Activation of the Hh pathway has also been demonstrated in sporadic BCC, with 90% of the tumours bearing inactivating mutations of PATCH and 10% activation of SMO (21). These mutations are most often UV-induced: C>T transitions at dipyrimidines sites or even more specific CC>TT tandem mutations.

Inactivating the Hh pathway has been a major therapeutic goal for difficult-to-treat lesions and 2 oral-targeted therapies (hedgehog inhibitors or HhI) are currently available: vismodegib and sonidegib (1).

If the occurrence of mutations in the Hh pathway is considered to be the driver event toward formation of BCC, secondary drivers have been found in cancer genes, such as MYCN, PPPC, SK19, LATS1, ERBB2, PIK23C, N-RAS, K-RAS, H-RAS, PTPN14, RB1, and FBX7 (22). Other pathways that increase the transcription factor of GLI include a recently described loss-of-function mutation in SUFU in sporadic BCC and a variety of non-canonical hedgehog signalling pathways (the mammalian target of rapamycin (mTOR), insulin-like growth factor (IGF)–PI3K–AKT, epidermal growth factor receptor (EGFR)–MEK–ERK, and Hippo pathways) that are independent of ligand–PTCH1 binding and SMO activation (23).

The impact of these other mutations on the histopatho-logical characteristics and evolution of BCC or their response to systemic treatment is unknown.

Other genetic diseases can predispose patients to the formation of BC: XP due to germline mutations in DNA repair genes (24), which predispose to multiple skin tumours, including BCC, but also melanoma and squamous cell carcinoma (SCC), at an early age, as well as the Bazex-Dupre-Christol syndrome, and dominant X-linked cancer-prone genodermatosis, in which recent studies have reported mutations in the ACTRT1 gene and its enhancer, leading to activation of the Hh pathway in certain families (25).


BCC very rarely metastasizes; it estimated incidence of metastasis is 0.0028–0.55% (1). A recent review of published cases showed that median survival in case of distant metastases was 24 months, and 36.2% of those had systemic chemotherapies. Regional metastasis were shown to have a median survival of 87 months (26).

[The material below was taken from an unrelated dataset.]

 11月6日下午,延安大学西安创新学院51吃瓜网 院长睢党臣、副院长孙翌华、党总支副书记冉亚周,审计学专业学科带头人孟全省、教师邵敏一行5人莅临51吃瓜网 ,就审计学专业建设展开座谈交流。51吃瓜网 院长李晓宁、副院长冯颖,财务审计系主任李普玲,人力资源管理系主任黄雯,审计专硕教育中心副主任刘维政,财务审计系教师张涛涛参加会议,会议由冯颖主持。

The major issues with BCC are local destruction and recurrence. Mortality is low. Risk of recurrence is influenced by the location of the tumour (H zone of the face), the histological subtype, perineural invasion, immunosuppression and prior recurrences. Severe forms of BCC are heterogeneous and rare. A retrospective study from the USA reported that the severe form of BCC accounted for approximately 0.8% of all cases of BCC (27), while another reported 10/100,000 persons (28). No TNM classification is available and a grading method to classify these difficult-to-treat BCC is currently being developed by the EADO group. These advanced tumours are often not measurable by Response Evaluation Criteria of Solid Tumors (RECIST criteria) and can destroy large anatomical surfaces without affecting survival (1).

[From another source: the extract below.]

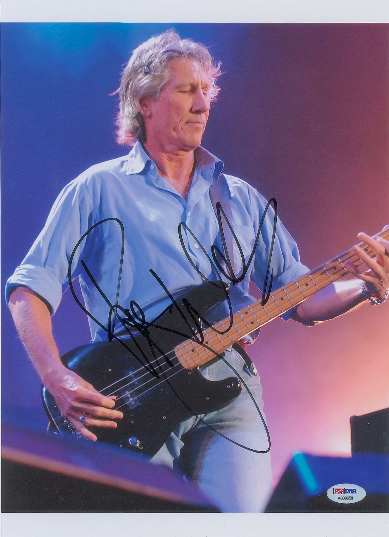 Color glossy 10 x 14 photo of the Pink Floyd bassist during a performance, signed prominently in black felt tip by Roger Waters. In very good to fine condition, with scattered light creasing, a heavier diagonal crease to the upper left background, and a PSA/DNA label affixed to lower right corner. Accompanied by a certificate of authenticity from PSA/DNA.

Surgery is the standard treatment for the majority of BCC (Fig. 3). Standard excision (SE) or micrographic surgery (Mohs) can be used according to the characteristics of the tumour (size, location, previous recurrences, histology) and the skills of the surgeon. Mohs is reserved for high-risk tumours, in recurrent BCC or BCC in critical anatomical sites. A prospective randomized trial comparing SE and Mohs showed a 10-year cumulative probability of recurrence for primary BCC of 12.2% for SE and 4.4% for Mohs and for recurrent BCCs of 13.5 for SE and 3.9% for Mohs (29).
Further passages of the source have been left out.